Excluding pictures, retype the line with "とお子さんの好きを認めてあげ" and each line that follows it to the end of the data below, word for word.

> _Supplied data_:
---+---

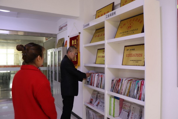 在經(jīng)開區(qū)安徽雪雨潔具有限公司工會(huì)和聯(lián)通公司阜南縣分公司工會(huì),冷治武仔細(xì)查看了書屋藏書、報(bào)刊雜志訂閱量以及各項(xiàng)硬件配備情況,聽取基層工會(huì)主席關(guān)于職工書屋的管理、報(bào)刊雜志閱讀等情況。在認(rèn)真查看職工書屋各項(xiàng)硬件配置和聽取基層工會(huì)主席匯報(bào)后,冷治武指出,企業(yè)工會(huì)要?jiǎng)?chuàng)新職工閱讀方式方法,配備電腦軟件,實(shí)行網(wǎng)上借閱方式,為職工辦理圖書借閱證。要及時(shí)更新圖書種類,增加書籍?dāng)?shù)量,報(bào)刊雜志也要增加訂閱量。要有可上網(wǎng)的電腦,配備兼職圖書管理員,電子音像制品不少于40種(張)。
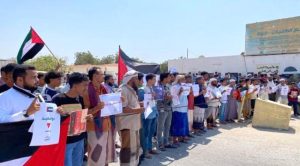 نظّم طلاب جامعة حضرموت، صباح اليوم، وقفة تضامنية حاشدة تنديدًا بجرائم الاحتلال الإسرائيلي في قطاع غزة، وذلك تزامنًا مع الحملة العالمية للإضراب المتضامن مع الشعب الفلسطيني.
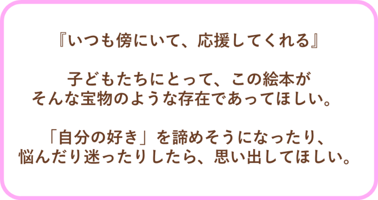 とお子さんの好きを認めてあげてほしいのです。この絵本がそんなコミュニケーションのきっかけになることを願っています。
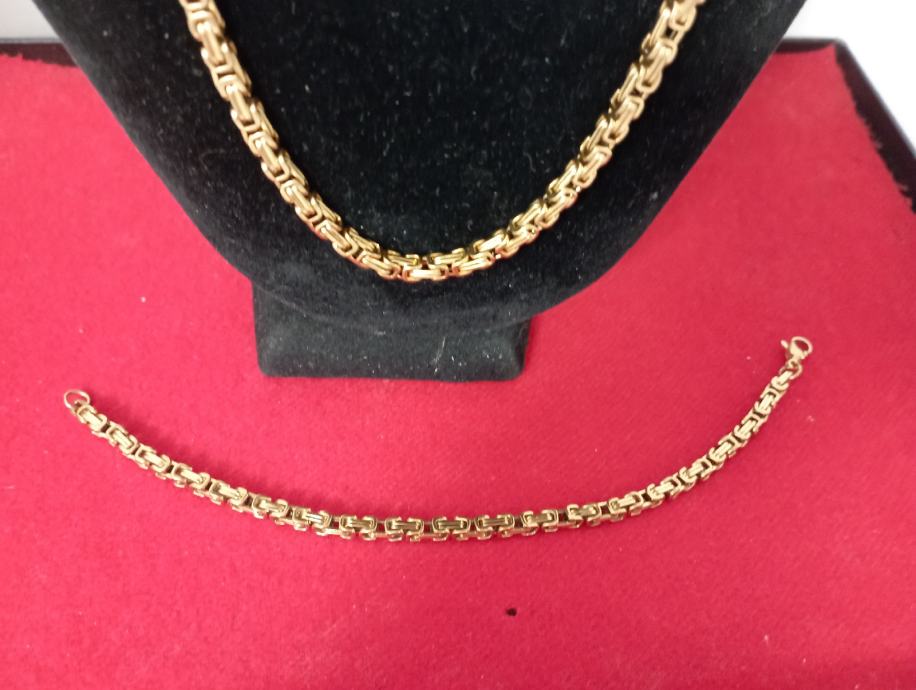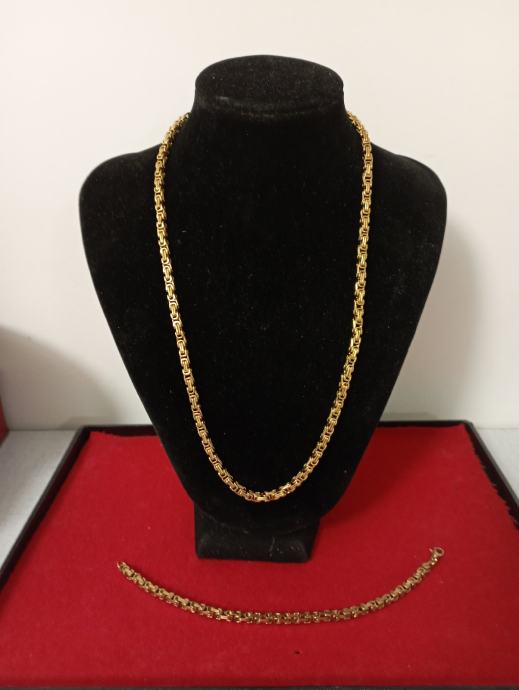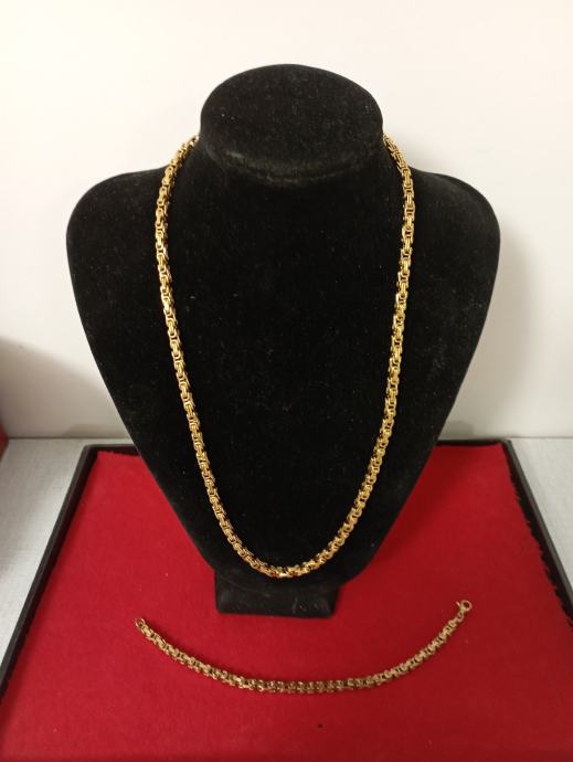 Extra kvalitetan kiruški čelik+pozlata,model Cartie,dužina lančića 55 cm,otporan na vodu,slanu vodu...težina 35gr.bogatog,masivnig izgleda..., te narukvica 11 gr,zajedno 46 gr.pogledajte i ostale moje oglase,šaljem poštom tekući

---+---

> _Answer section_:
 とお子さんの好きを認めてあげてほしいのです。この絵本がそんなコミュニケーションのきっかけになることを願っています。
 Extra kvalitetan kiruški čelik+pozlata,model Cartie,dužina lančića 55 cm,otporan na vodu,slanu vodu...težina 35gr.bogatog,masivnig izgleda..., te narukvica 11 gr,zajedno 46 gr.pogledajte i ostale moje oglase,šaljem poštom tekući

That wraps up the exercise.